When the Dutch deployed to Uruzgan in 2006 they suspected Jan Mohammed of drug trafficking and human rights violations and insisted on his removal. Karzai removed him from his position as governor and made him an adviser-minister for tribal affairs in Kabul. From there, Jan Mohammad’s hold on Uruzgan weakened, though he continued to exert influence behind the scenes until his assassination in July 2011. Mattiullah’s star, on the other hand, rose. His militia expanded, and while the highway police was abolished in 2006, he still provided security for foreign convoys (under the name Kandak-e Amniat-e Uruzgan, an Operational Police unit which is technically part of the ANP). Mattiullah himself speaks of 570 men in his command at that time and 1,100 now. Of those, around 130 men also assist the American and Australian Special Forces in their operations.

In early 2007, he handed in 264 weapons to another disarmament program, the Disbandment of Illegal Armed Groups (DIAG). But many were so old that an American officer apparently asked to take one antique rifle home as a souvenir. Nobody seems to have pressed Mattiullah to fully join the program. The reason then was probably the same as the one he gives now to justify that his (at least partially) illegal armed group secures the highway (he admits that of the 1,100 men, 800 are not registered and only 300 are official police). The government, he says, cannot afford a force sufficiently strong to protect the route.
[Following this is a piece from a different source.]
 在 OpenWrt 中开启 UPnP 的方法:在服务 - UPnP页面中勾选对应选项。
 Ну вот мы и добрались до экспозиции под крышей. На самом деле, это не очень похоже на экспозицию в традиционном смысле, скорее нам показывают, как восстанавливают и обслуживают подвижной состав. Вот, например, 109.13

As international troops depart, he has asked the government for an extra kandak: soon money to pay his unregistered men will have run out as his income from the provision of security on the highway will diminish substantially when foreign forces leave. Until now, he says, the government has refused.

In 2011 Mattiullah became the provincial police commander – a position the Dutch had successfully prevented him getting four years earlier. In addition to the Kandak-e Amniat-e Uruzgan he now commands 2,300 national and 1,800 local police. He has also been able to appoint district police chiefs and district governors. Recently he saw an ally appointed as provincial council chairman (councilors are elected but then select their own chair). Council chairs often travel to Kabul so can be a useful vehicle for complaining about other officials.
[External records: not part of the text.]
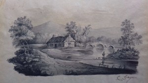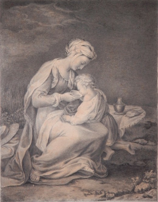 They span from a 20th century Cornwall? coastal scene to a 19th century Welsh?landscape to an 18th century ( maybe earlier yet) portrait (Hagar and Ishmael) – all done in monochrome. Each trying to invoke some response from the onlooker. They all display excellence but the last is still possibly one of the best pieces of art that I own.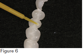The temporaries were then air abraded and the teeth were spot etched. A thin layer of 3M™ ESPE™ Scotchbond™ Universal Adhesive was placed on the intaglio surface of the restoration and on the teeth (Figs. 5, 6).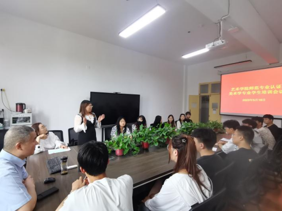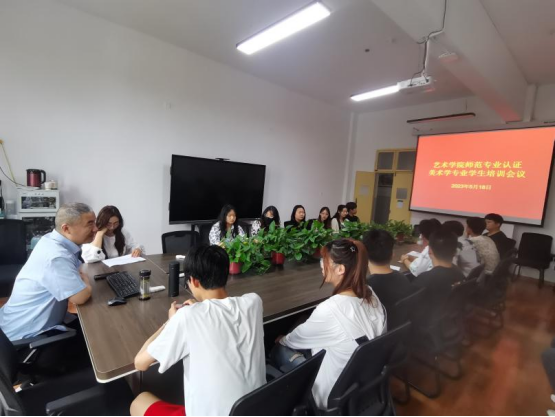 5月18日,在2208会议室召开公司师范专业认证美术学专业员工培训会议,出席会议的有太阳成集团tyc副经理孙海洋、谢敏、周继业等老师,还有美术学专业2020、2021、2022级各班班长和学习委员。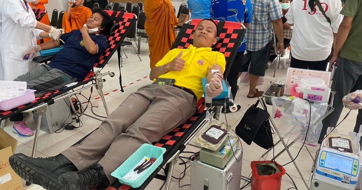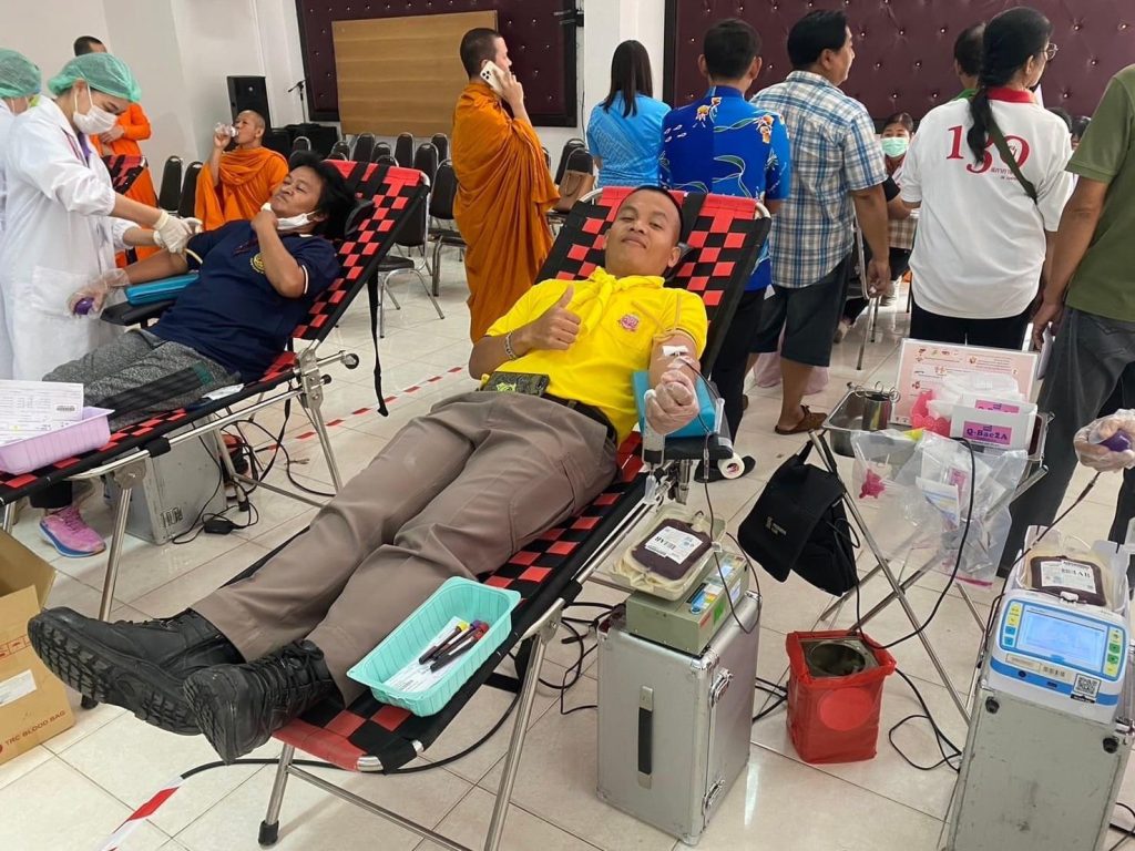 รอง ผกก.ป.สภ.ภาชี พร้อมข้าราชการตำรวจชุดจิตอาสา สภ.ภาชี ร่วมบริจาคโลหิต กับสภากาชาดไทย ณ หอประชุมอำเภอภาชี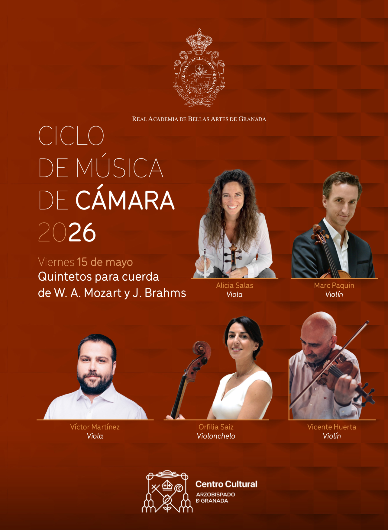 Este curso 2025 – 2026 la Real Academia organiza, en colaboración con el Centro Atístico, el Centro Cultural Arzobispado de Granada, la Diputación de Granada y el Auditorio Manuel de Falla, el segundo ciclo de Música de Cámara integrado por tres conciertos.

Remarkably, local critics of Mattiullah are much less vocal than a few years ago. An elder from one of the former Taleban strongholds in Uruzgan, who, like his fellow tribesmen, constantly complained about abuse by Mattiullah’s men a few years back, favours him being provincial police commander. His reasoning is pragmatic. ‘The Taleban have been chased away from our area for now, but they are still at our gates’, he says. ‘Mattiullah may not be the ideal police chief, but although he is not educated he is strong. When we are sure that we are safe, then we can ask for someone educated.’

Other elders follow the same reasoning. They might not like Mattiullah, but they no longer complain about what they call now ‘his past mistakes’. A former high-level official in Kabul, who comes from the south, is not surprised. ‘The foreign troops are pulling out, and the local population is not sure if the internationals keep their promise of supporting them’, he says. ‘At the same time they distrust both the government in Kabul and the Taliban. So they choose local strongmen.’
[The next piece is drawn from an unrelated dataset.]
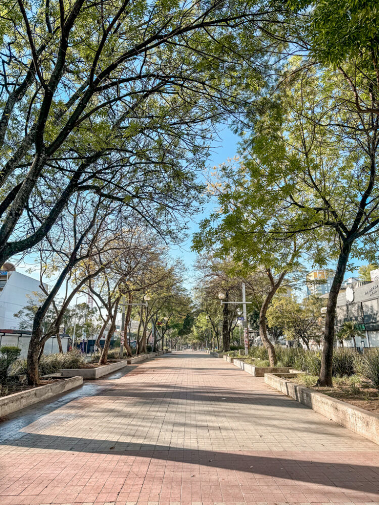 After a full day exploring downtown, I headed to the Chapultepec area in Colonia Americana – easily one of the coolest neighborhoods in Guadalajara. The wide, tree-lined boulevard is buzzing with energy, especially in the evening when locals gather at cafés, bars, and taco joints. Plus, I was staying nearby so I definitely wanted to explore my neighborhood.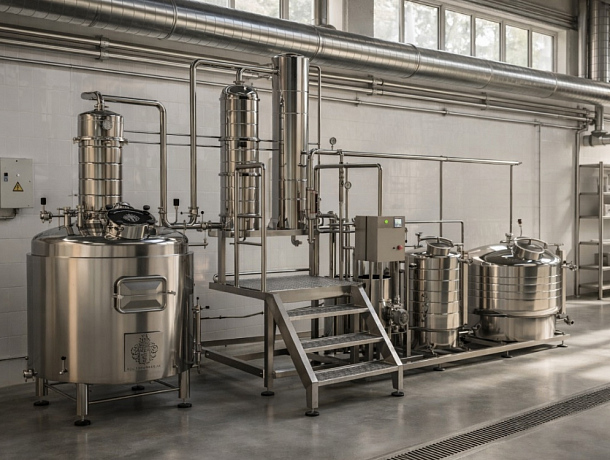 Вакуум-выпарная установка объёмом 500 литров — профессиональное решение для деликатной переработки ароматного сырья в условиях пониженного давления. Оборудование предназначено для получения насыщенных ароматных спиртов и концентрированных соков с сохранением естественного вкуса, аромата и летучих компонентов.

The traditional powerbrokers of the south, tribal elders, no longer feature in the calculation, says a former western official with much knowledge of Uruzgani politics. ‘The international military have undercut their influence by supplying other local strongmen with money and weapons.’ They have created new power bases.

One of the Uruzgani elders who previously opposed Mattiullah says that in his area, traditionally a Taleban stronghold, villagers have come to an understanding with the local ANP commander, an ally of Mattiullah. They meet regularly. The commander informs them of planned operations. When the police arrest someone he check with the elders whether the person is indeed an insurgent. ‘Now we have no more Taleban in the area’, the elder says. ‘People support the government.’

Villages across Uruzgan try their best to come to similar arrangements with local powerbrokers – whether on the government or insurgent side. Many are anxious about what the future holds. Some men say they recently started carrying weapons again. The former high-level official in Kabul says the Uruzganis have reason to worry. ‘It is a strategic province. If you want to take the south it is a good place to start – it is tribal and isolated and easy to capture. From there you can stage attacks south on Kandahar or Helmand or north on Ghazni. It is not unthinkable that the Taleban will try to recapture Uruzgan as many of their old leaders hail from the province.’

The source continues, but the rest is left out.